Ох, и не понравились мне те слова! Сразу Крым вспомнился, Севастополь, "Пятый Вавилон" — и ротмистр рехнувшийся. Как выкрикивал он Федору, пока остатки разума не потерял: "…будешь ты самый последний съеден, когда я разделаюсь с прочими; вот мой подарок! Вот! Вот!.."
— Спасибо, не стоит! Мы лучше пойдем…
— Пойдете, пойдете, айн момент! — и пойдете. А от подарка не спешите отказываться. Раньше принимали, примите и сейчас. Куда вам от моих подарков деваться, вы теперь — в Законе, а я — в вас, и поболе, чем в других… Значит, слушайте и смотрите.
Куда смотреть, Дух не сказал, а мы не спросили, потому что Федька вдруг разжал свой кулачище и уставился на чистую карту.
Нашу карту, одну на двоих, из травы поднятую.
Судьбу нашу.
И я уставилась.
Поначалу мастями безмастная карта пошла, черно-красным фейерверком. Завертелись на атласе пики-трефы-бубны-черви, будто стеклышки цветные в детском калейдоскопе. То в Туза вихрь сложится, то в Даму, то в Короля, то в Валета, то в Шута-Джокера… После лица чьи-то мелькнули — я даже разобрать не успела, чьи. А дальше прояснилась карта, глубиной налилась, вроде зеркала.
Отразились в том зеркале двое.
Только не мы с мужем!
Две девочки-близняшки лет четырех. Кудряшки золотом горят, носики-курносики в небо смотрят, щеки черничным киселем измазаны, и глаза хитрю-ю-ющие! На обеих платьица одинаковые, голубенькие, с кисейными оборочками. Не дети — загляденье! сейчас, сейчас закричат: "Папенька! маменька!", сейчас на руки с разбегу кинутся…

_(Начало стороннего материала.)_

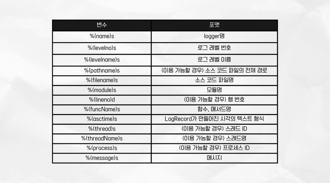 logging.basicConfig(format = "포맷 문자열")
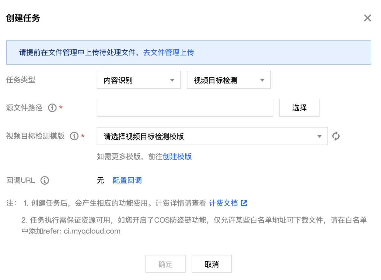 回调 URL:与队列绑定的回调地址信息,详情请参见 队列与回调。 视频目标检测
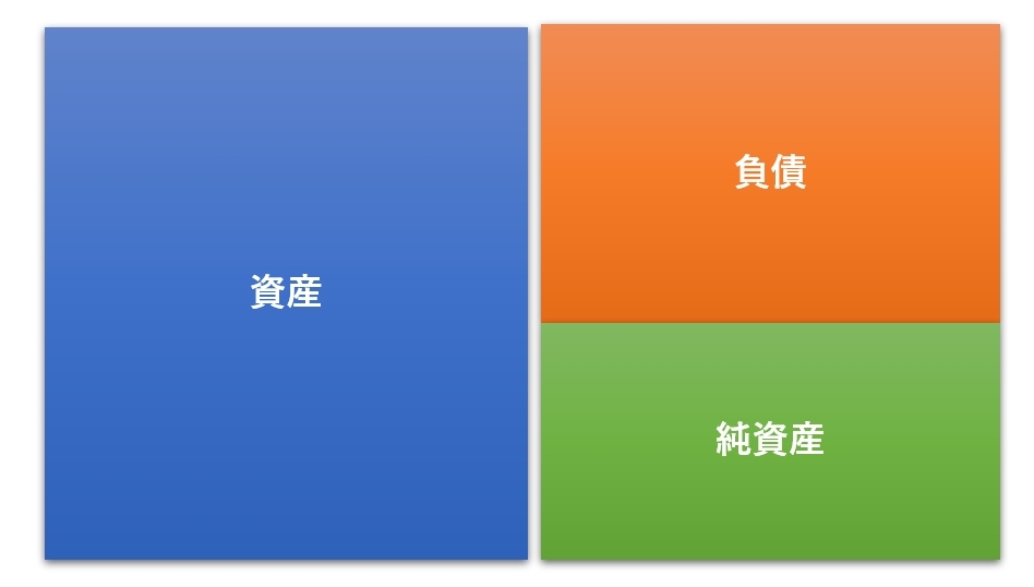 貸借対照表では、右側の「負債の部」と「純資産の部」の合計と左側の「資産の部」が等しくなります。
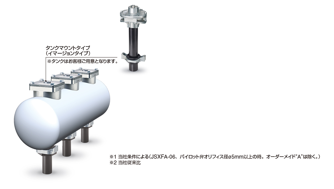 JSXFA エアオペレート | N.C. | 3/4(20A) 1(25A) 1 1/2(40A) 2(50A) | コンプレッション フィッティングタイプ 直管タイプ (Rc, NPT, G) タンクマウントタイプ (イマージョンタイプ) | 32, 40, 45, 50, 55 (φ55はタンクマウントタイプのみ) |

Смотрим мы в карту-зеркало, на детей своих нерожденных любуемся, и верим, и не верим — а в висках кровь чужим приговором стучит:
— Проклятие Брудершафта на вас обоих. Нет для вас Договора, нет для вас в Законе крестников; нет и не будет. Срослись, переплелись ваши судьбы, ваши души, ваши — и Друца с Рашелью; не пустите вы никого больше в этот круг. Захотите, молить станете — а не сможете через себя переступить. Закрыты для вас ворота Договора; но калитку оставлю. Вот он, мой подарок: скоро у вас родятся дети. Двойня. И вы сможете заключить Договор с собственными детьми, не дожидаясь, пока они согласятся или откажутся. Без их желания; лишь по вашей воле. Оттиснуть себя — в них. Только плоть от плоти, кровь от крови вашей сможет войти в ваш круг; и разорвать его. Тогда проклятие Брудершафта будет снято. Вы сможете жить дальше, как все другие маги. Не хотите быть самими собой — будьте, кем хотите! радуйтесь! живите… Но первый Договор — только с собственными детьми!.. собственными… детьми…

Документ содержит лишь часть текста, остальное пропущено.